What to do
Starting at the line that contains "竜鳳凰錦手黄地冠付台付6寸飾壺(壷)" and ending at the line that contains "Glasgow Valuation Roll", the lines below are to be given again exactly, with nothing added.
Top of Data for processing
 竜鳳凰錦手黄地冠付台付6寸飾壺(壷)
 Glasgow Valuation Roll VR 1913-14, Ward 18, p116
Bottom of Data for processing
Top of Data for processing
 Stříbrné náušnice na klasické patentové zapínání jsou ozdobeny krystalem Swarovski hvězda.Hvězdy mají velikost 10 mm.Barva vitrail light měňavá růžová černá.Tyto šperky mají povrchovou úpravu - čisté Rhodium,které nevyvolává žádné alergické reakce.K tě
Bottom of Data for processing
Problem solution
 竜鳳凰錦手黄地冠付台付6寸飾壺(壷)
 Glasgow Valuation Roll VR 1913-14, Ward 18, p116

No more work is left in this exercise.